**Records provided:**
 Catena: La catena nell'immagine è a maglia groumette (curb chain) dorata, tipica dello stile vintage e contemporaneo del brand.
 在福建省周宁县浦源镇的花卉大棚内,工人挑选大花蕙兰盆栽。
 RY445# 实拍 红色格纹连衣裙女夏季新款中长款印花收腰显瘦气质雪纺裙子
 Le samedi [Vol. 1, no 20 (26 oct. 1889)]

--

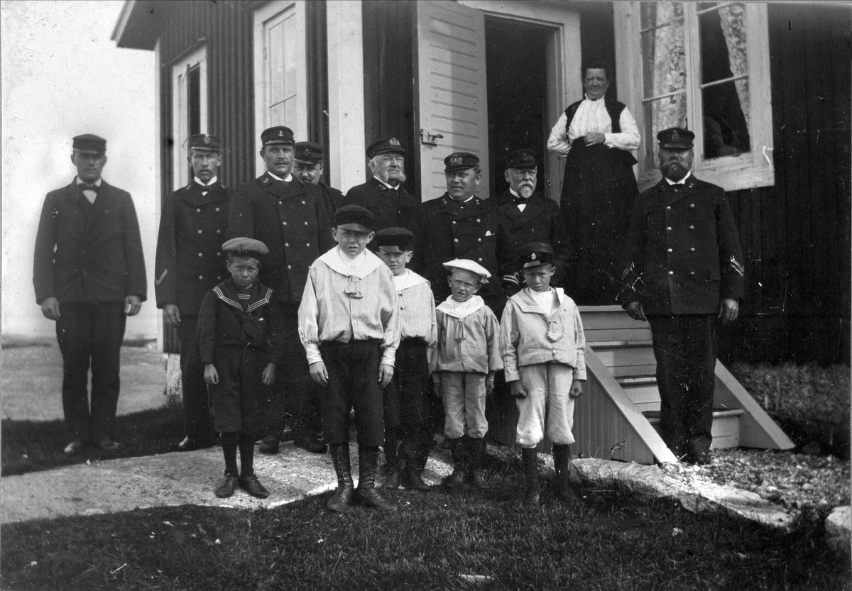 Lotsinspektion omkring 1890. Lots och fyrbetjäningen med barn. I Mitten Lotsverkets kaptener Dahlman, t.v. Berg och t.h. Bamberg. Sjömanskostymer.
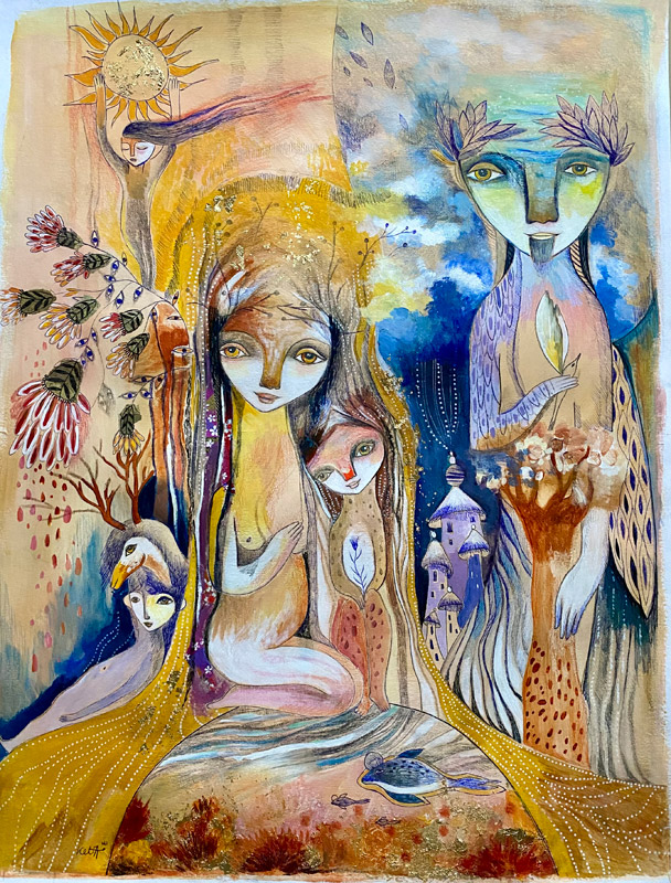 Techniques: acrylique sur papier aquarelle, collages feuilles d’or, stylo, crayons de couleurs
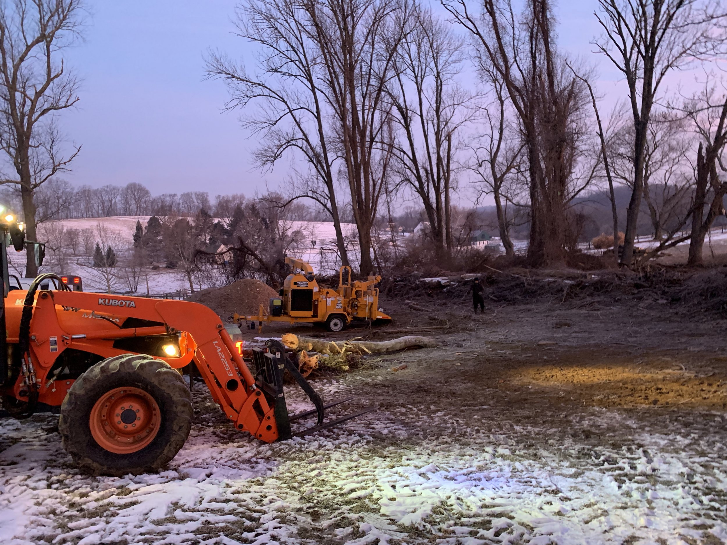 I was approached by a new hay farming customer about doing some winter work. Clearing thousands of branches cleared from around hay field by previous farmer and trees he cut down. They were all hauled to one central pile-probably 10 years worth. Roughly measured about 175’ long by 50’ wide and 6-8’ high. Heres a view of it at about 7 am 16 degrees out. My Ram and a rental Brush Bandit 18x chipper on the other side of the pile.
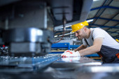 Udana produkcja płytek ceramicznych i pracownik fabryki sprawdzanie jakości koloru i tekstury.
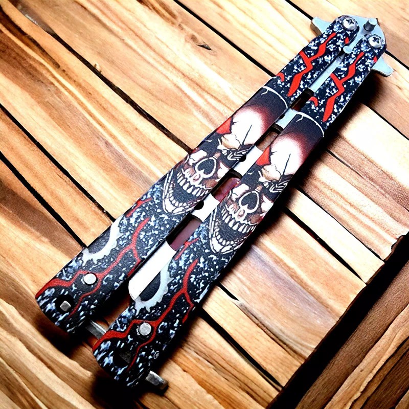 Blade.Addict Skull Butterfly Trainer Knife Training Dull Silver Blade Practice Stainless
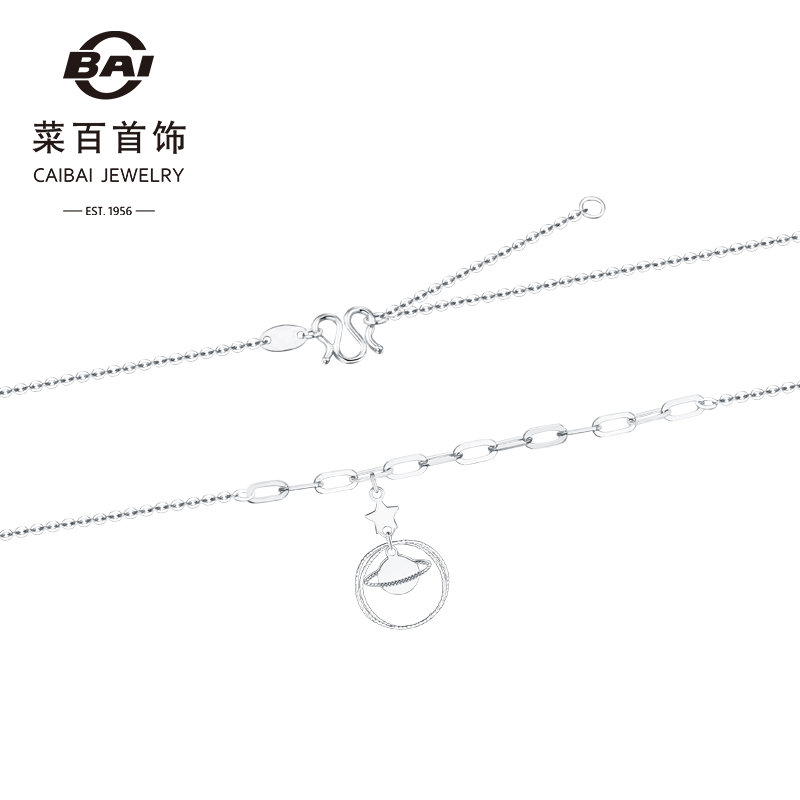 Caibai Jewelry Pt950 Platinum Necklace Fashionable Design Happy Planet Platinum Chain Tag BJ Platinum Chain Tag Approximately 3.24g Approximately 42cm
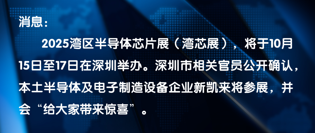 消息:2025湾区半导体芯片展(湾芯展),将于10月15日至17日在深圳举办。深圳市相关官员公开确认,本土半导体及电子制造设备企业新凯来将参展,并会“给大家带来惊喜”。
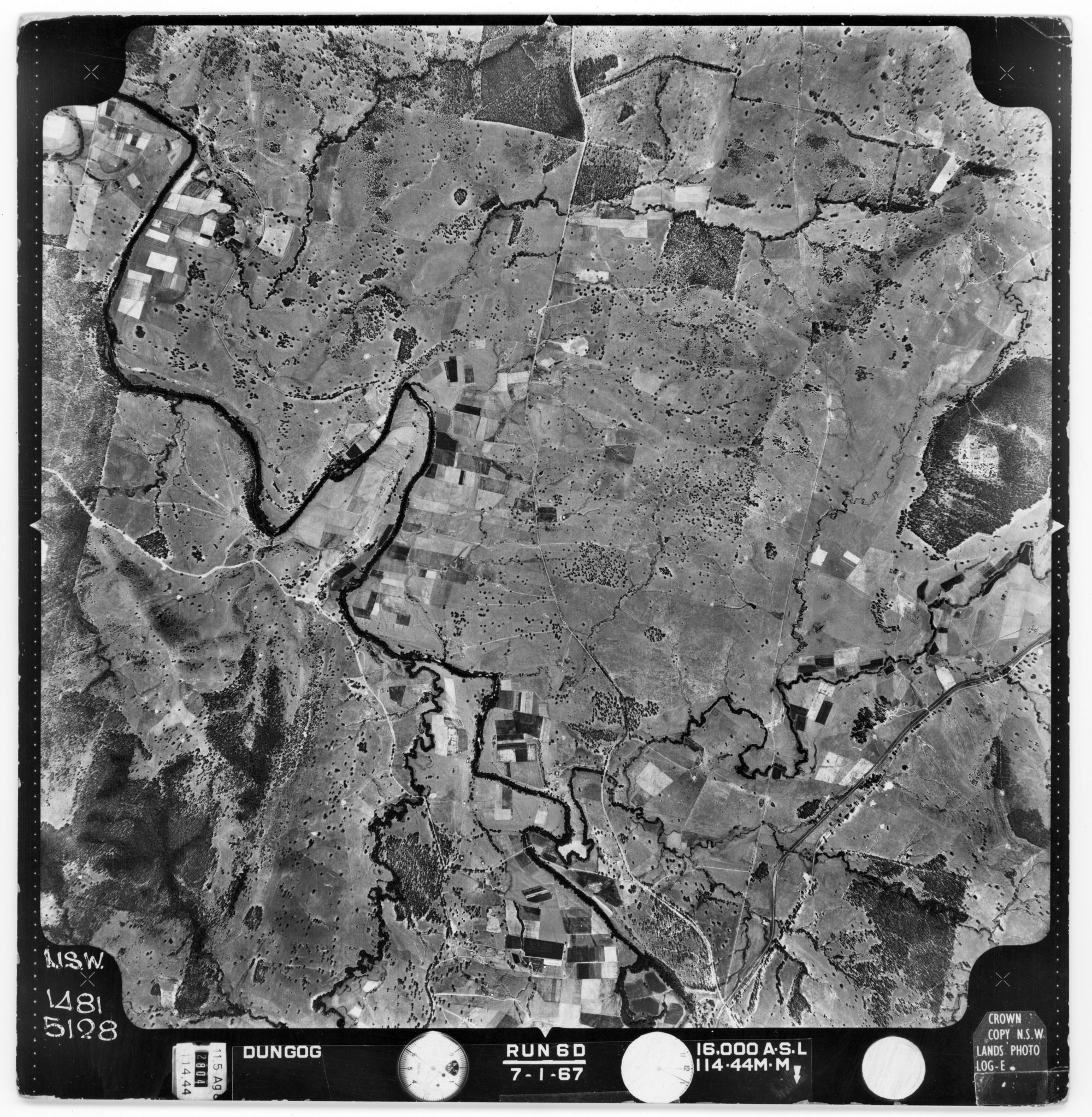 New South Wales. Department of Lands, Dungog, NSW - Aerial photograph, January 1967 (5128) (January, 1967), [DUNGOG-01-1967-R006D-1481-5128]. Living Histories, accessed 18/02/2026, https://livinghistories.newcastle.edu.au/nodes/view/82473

**Assignment:** Would you output, from the records above, exactly the run of lines that starts at the line containing "在福建省周宁县浦源镇的花卉大棚内,工人挑选大花蕙兰盆栽。" and ends at the line containing "Le samedi [Vol. 1, no 20 (26 oct. 1889)]", and only that run?

**Written solution:**
 在福建省周宁县浦源镇的花卉大棚内,工人挑选大花蕙兰盆栽。
 RY445# 实拍 红色格纹连衣裙女夏季新款中长款印花收腰显瘦气质雪纺裙子
 Le samedi [Vol. 1, no 20 (26 oct. 1889)]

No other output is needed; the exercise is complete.